EXTRACTED MATERIAL section start

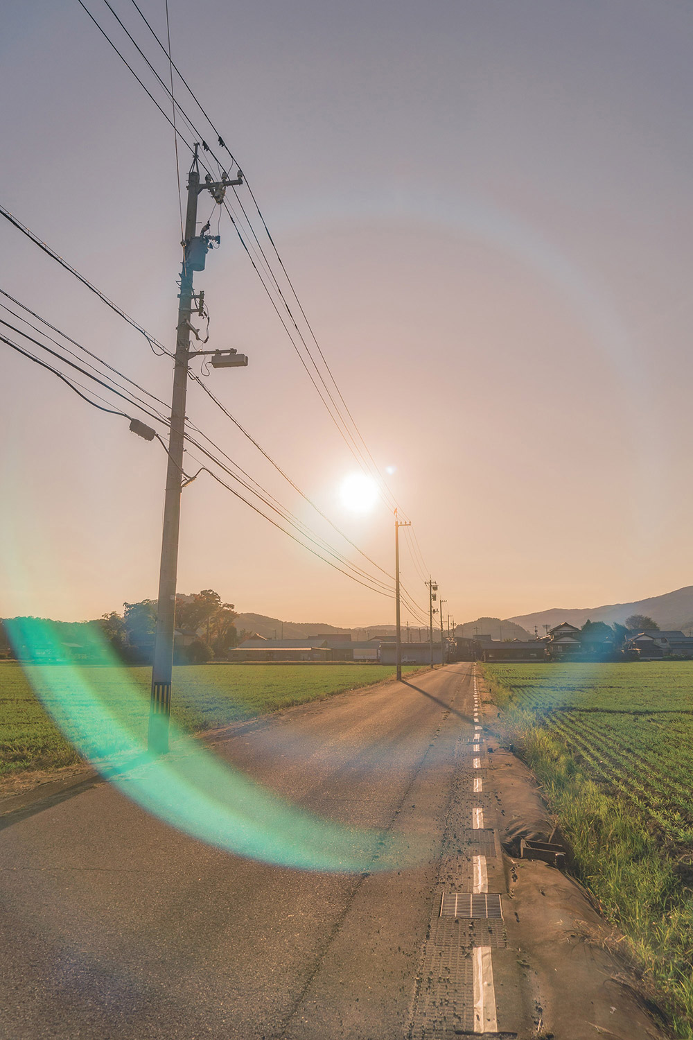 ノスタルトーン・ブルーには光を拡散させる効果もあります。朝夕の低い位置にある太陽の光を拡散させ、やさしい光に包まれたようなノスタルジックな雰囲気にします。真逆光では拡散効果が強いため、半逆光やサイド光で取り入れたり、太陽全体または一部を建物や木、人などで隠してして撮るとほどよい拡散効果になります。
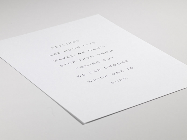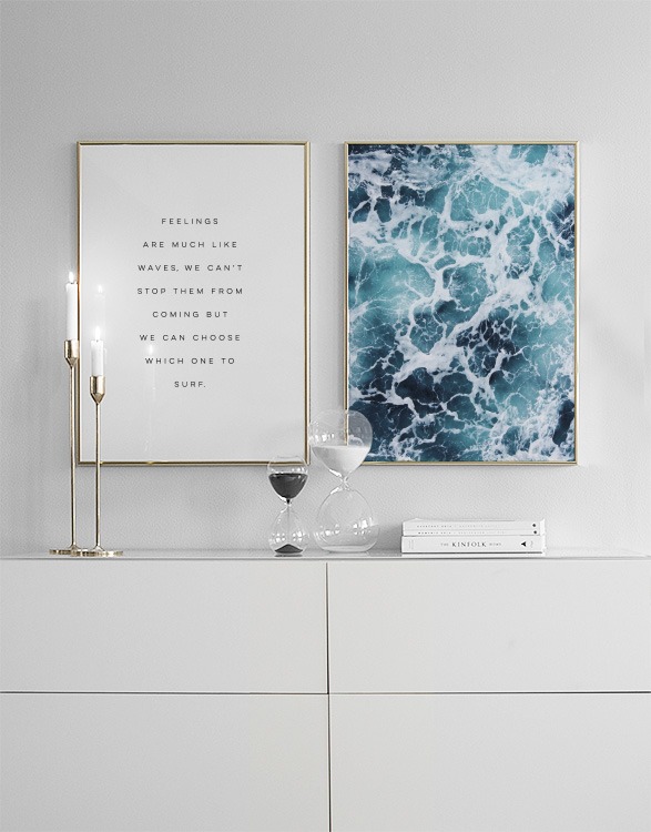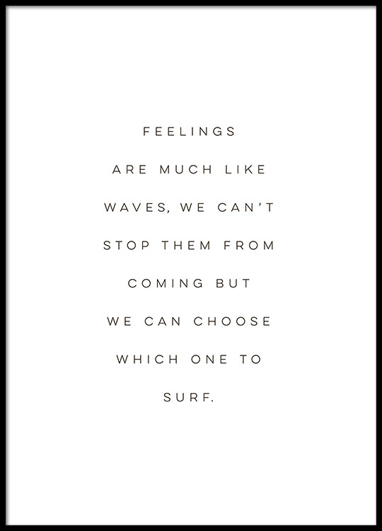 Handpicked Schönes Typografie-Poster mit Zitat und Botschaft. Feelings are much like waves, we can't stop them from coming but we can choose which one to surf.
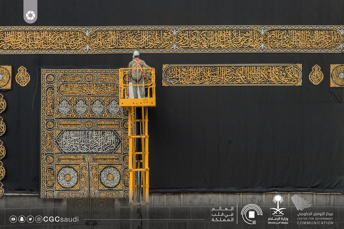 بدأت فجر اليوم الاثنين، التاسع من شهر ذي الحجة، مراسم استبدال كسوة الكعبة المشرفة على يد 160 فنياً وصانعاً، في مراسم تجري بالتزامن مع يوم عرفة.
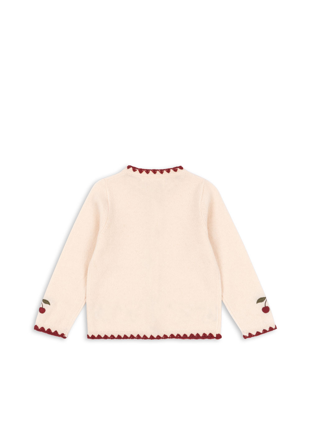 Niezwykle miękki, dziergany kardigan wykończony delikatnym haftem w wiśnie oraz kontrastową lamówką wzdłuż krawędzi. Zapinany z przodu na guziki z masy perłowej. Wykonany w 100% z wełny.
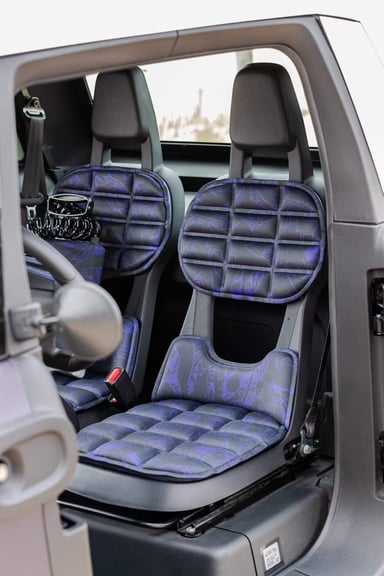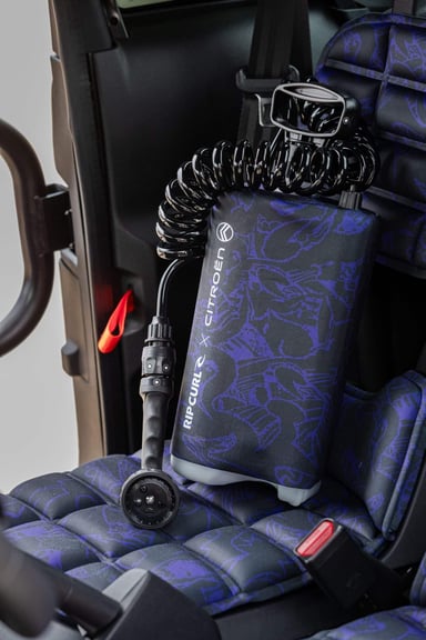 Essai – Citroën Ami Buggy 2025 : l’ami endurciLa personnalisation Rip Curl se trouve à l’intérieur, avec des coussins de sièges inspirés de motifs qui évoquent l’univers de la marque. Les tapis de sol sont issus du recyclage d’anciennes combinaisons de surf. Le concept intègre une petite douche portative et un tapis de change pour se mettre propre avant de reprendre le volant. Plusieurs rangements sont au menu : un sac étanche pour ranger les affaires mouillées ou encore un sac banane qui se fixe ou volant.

EXTRACTED MATERIAL section end

> _PROBLEM DESCRIPTION_
The records above should be repeated exactly, with no pictures in the copy.

> _SOLUTION BELOW_
 ノスタルトーン・ブルーには光を拡散させる効果もあります。朝夕の低い位置にある太陽の光を拡散させ、やさしい光に包まれたようなノスタルジックな雰囲気にします。真逆光では拡散効果が強いため、半逆光やサイド光で取り入れたり、太陽全体または一部を建物や木、人などで隠してして撮るとほどよい拡散効果になります。
 Handpicked Schönes Typografie-Poster mit Zitat und Botschaft. Feelings are much like waves, we can't stop them from coming but we can choose which one to surf.
 بدأت فجر اليوم الاثنين، التاسع من شهر ذي الحجة، مراسم استبدال كسوة الكعبة المشرفة على يد 160 فنياً وصانعاً، في مراسم تجري بالتزامن مع يوم عرفة.
 Niezwykle miękki, dziergany kardigan wykończony delikatnym haftem w wiśnie oraz kontrastową lamówką wzdłuż krawędzi. Zapinany z przodu na guziki z masy perłowej. Wykonany w 100% z wełny.
 Essai – Citroën Ami Buggy 2025 : l’ami endurciLa personnalisation Rip Curl se trouve à l’intérieur, avec des coussins de sièges inspirés de motifs qui évoquent l’univers de la marque. Les tapis de sol sont issus du recyclage d’anciennes combinaisons de surf. Le concept intègre une petite douche portative et un tapis de change pour se mettre propre avant de reprendre le volant. Plusieurs rangements sont au menu : un sac étanche pour ranger les affaires mouillées ou encore un sac banane qui se fixe ou volant.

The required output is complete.